Reconstruction will occur in /tmp or $PORTAGE_TMPDIR, re: the DISTDIR deletion, yeah, aparently I suck (you're right) :) getdelta... hmm. I don't like special cases much. Possible alternatives? Keep in mind that this script has a *finite* lifespan to it, it's already been removed from cvs head of portage; my intention is to have it handled by a subclass of the sync.snapshot class if/when head hits. Re: special casing, the issue I see is that if I special case it now, I'll have to special case it in the class, which gets *really* hard since FETCHCOMMAND has been abstracted away, into transports.fetchcommand . I can see doing it as a temp hack, since like I said, emerge-delta-webrsync has a limited shelf life till a proper integration occurs. The special casing/hack won't fly down the line though, since the users defined FETCHCOMMAND is just that, what they told portage to use. So... long term? By the way, regarding doing a release with the fix, I'll -r1 it. Any further tweaks will have to wait a bit, hopefully within a week. A replacement for the untar/rsync portion is finally working, exempting supporting --excludes... so finishing that sucker off, and intending on next major bump using that. Based off of a good chunk of diffballs code, so it's got the usual support for working from compressed files, handling tarballs, yadda yadda yadda. Main thing is it removes the need to untar, thus is quite a bit faster overhaul (bit faster then rsync anyways, for some screwed up reason).
(In reply to comment #8) > getdelta... hmm. I don't like special cases much. Possible alternatives? > Keep in mind that this script has a *finite* lifespan to it, it's already been > removed from cvs head of portage; my intention is to have it handled by a > subclass of the sync.snapshot class if/when head hits. > Re: special casing, the issue I see is that if I special case it now, I'll have > to special case it in the class, which gets *really* hard since FETCHCOMMAND has > been abstracted away, into transports.fetchcommand . > I can see doing it as a temp hack, since like I said, emerge-delta-webrsync has > a limited shelf life till a proper integration occurs.
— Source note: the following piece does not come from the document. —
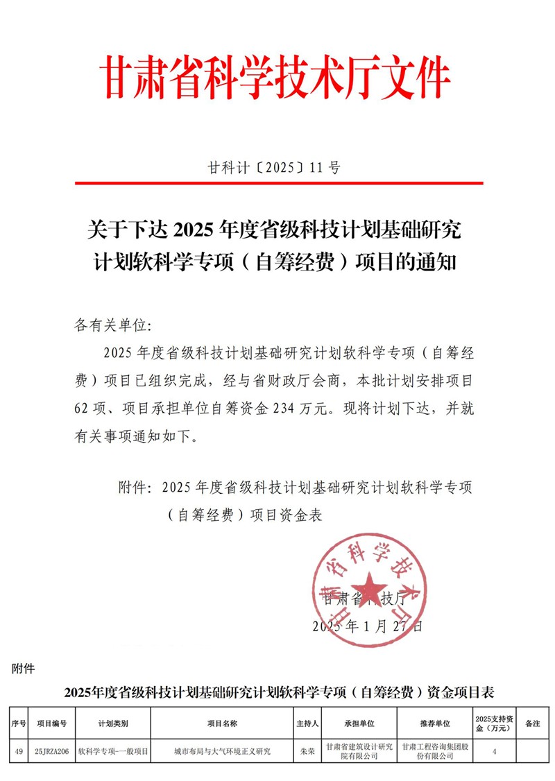 近日,甘肅省科技廳公布了2025年省級(jí)科技計(jì)劃基礎(chǔ)研究計(jì)劃軟科學(xué)專項(xiàng)(自籌經(jīng)費(fèi))項(xiàng)目立項(xiàng)結(jié)果,省建筑設(shè)計(jì)院申報(bào)的“城市布局與大氣環(huán)境正義研究”項(xiàng)目獲批立項(xiàng)。

The special casing/hack > won't fly down the line though, since the users defined FETCHCOMMAND is just > that, what they told portage to use. > So... long term? Thanks for this insight in portage development. So I guess I'll just have to live with it. It looks a little bit ugly, but it works great. So this is no problem. > A replacement for the untar/rsync portion is finally working, exempting > supporting --excludes... so finishing that sucker off, and intending on next > major bump using that. Based off of a good chunk of diffballs code, so it's got > the usual support for working from compressed files, handling tarballs, yadda > yadda yadda. Main thing is it removes the need to untar, thus is quite a bit > faster overhaul (bit faster then rsync anyways, for some screwed up reason). That's great news! I'm especially looking forward to the speed improvement because here it's *way slower* than rsync (AMD Duron 1300 with 256 MB RAM).
Re Comment #3 I do not know where I looked last time but all snapshots are still there (see comment #5).
InCVS If you're game for testing out tarsync, emerge app-arch/tarsync. emerge-delta-webrsync 3 will detect it, and use it (it'll also go parallel in recompressing for you smp folk, since tarsync is io bound and bzip2 is a bit more proc bound). Enjoy.